Larry Chlebina, Analyst
Is there the opportunity for a joint venture with another ATE testing company to incorporate their testing with your burn-in process?
Gayn Erickson, CEO
There isn't an ATE product out there that has the level of density and power management to fit into our XP. That's one differentiator we offer is that we are able to fit complex systems into compact spaces. I wouldn’t recommend one ATE supplier to build a tester designed for our system. However, partnerships might be considered with customers working on their test developments.
Larry Chlebina, Analyst
Thank you. That’s all I had.
Gayn Erickson, CEO
Thanks, Larry.
Operator, Operator
Our next question will come from Dylan Patel with SemiAnalysis. Please go ahead.
Dylan Patel, Analyst
Hey, thanks for taking my question. I want to ask about this test intensity situation. Many other test firms discuss the correlation of lower yields requiring higher test intensity. Right now, silicon carbide yields aren't exemplary even at the best firms, but they're anticipated to improve. My understanding of your solution is that it’s unique; you test regardless of how low or high yields are. Is this accurate? Could you explain the durability of demand even if yields reach multiple nines eventually?
Gayn Erickson, CEO
Yes. There is indeed a correlation between low yielding devices and reliability needs for burn-in tests. But the failure mechanisms are distinct. The original cause of yield in devices isn't necessarily related to burn-in. Burn-in tests induce failures due to energy through heat and voltage, which you cannot predict; you need a stress test. Meanwhile, some high-yield devices still require 100% burn-in. An example is DRAM, which has very high yield but still mandates burn-in to eliminate defects. Current silicon carbide companies predict that burn-in will be essential for some time as well.
Dylan Patel, Analyst
Thank you for that. I also wanted to ask about the burn-in process for silicon photonics. Where is the burn-in happening specifically? Is it occurring on the indium phosphide wafer where the lasers are made, or once they're bonded onto the silicon photonics wafer?
Gayn Erickson, CEO
We currently have examples where customers want to perform burn-in on a substrate before bonding. However, most current customers are conducting burn-in once the devices are already bonded on the wafer.
Dylan Patel, Analyst
Thanks, that makes sense. Just to wrap up, with travel back to normal, have you been able to visit some of those major prospective clients in Asia, such as in China or South Korea? Do you think that will move the needle on customer orders?
Gayn Erickson, CEO
Yes, we're opening up in Europe and certain customers. Travel to Asia is improving, although China is still iffy. We believe this will positively influence our customer engagements.
Dylan Patel, Analyst
Thank you for the time, looking forward to next time.
Operator, Operator
Our next question will come from Bradford Ferguson with Halter Ferguson Financial. Please go ahead.
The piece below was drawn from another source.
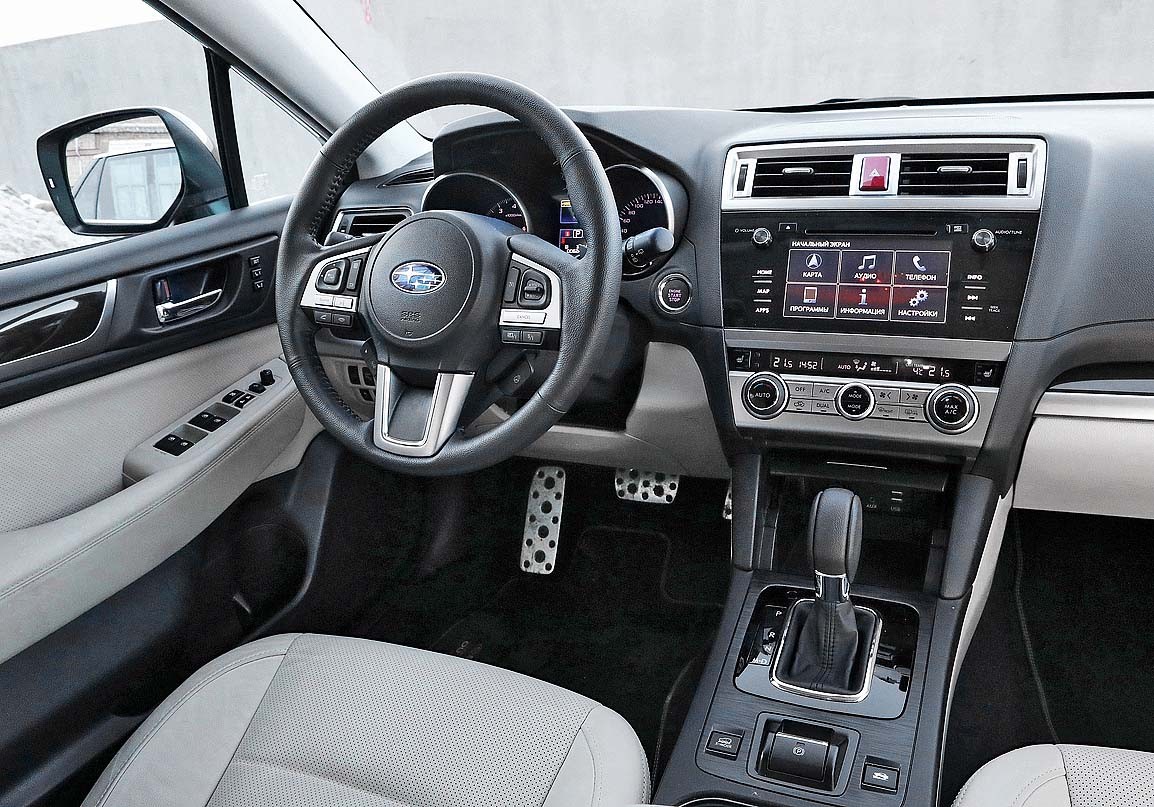 Автомобили Subaru обладают одним важным и редким в наше время преимуществом – они не стремятся пустить потенциальному клиенту пыль в глаза. Subaru Outback этим классическим принципам не изменяет. При ближайшем рассмотрении он ровно такой, каким выглядит. Крупный, просторный и во многом старомодный. Классические циферблаты приборов, многочисленные кнопки на передней панели – все как много лет назад. Глянцевый сенсорный экран медиасистемы с простеньким меню смотрится в этом царстве традиций пришельцем из далекого будущего.

Bradford Ferguson, Analyst
Hi, my clients are now 1% holders of your company now as shareholders. I was curious, why are the serious silicon carbide makers not creating their own wafer level burn-in systems? What's protecting you? Is it the 18 wafers at a time; is it the aligner? Or the loader?
Gayn Erickson, CEO
There are significant protections in place. Our systems have a large number of patents making it a challenge to enter this market. Although testing wafers is common in the semiconductor industry, doing so in an affordable way is challenging. Our system is prober-leder, which means we don't utilize standard probers or probe cards. There's a significant technological barrier to build an effective burn-in solution.
Bradford Ferguson, Analyst
Okay. Does the FOX system handle 200 millimeter wafers today?
Gayn Erickson, CEO
Yes, we support all wafer sizes, including 200 millimeter, in volume production.
Bradford Ferguson, Analyst
Is there a concern as several major players create new fabs dedicated to silicon carbide and gallium at 40% growth, while EV rates are anticipated to grow at 100%? Why is there a more conservative growth outlook?
Gayn Erickson, CEO
Mainly, it's the timing of orders, not if they will arrive. Our forecasts are ambitious since we did not lose clients. New orders haven't materialized as quickly as we anticipated. Our projections will focus on their growth because an increase in automotive orders may potentially push demand.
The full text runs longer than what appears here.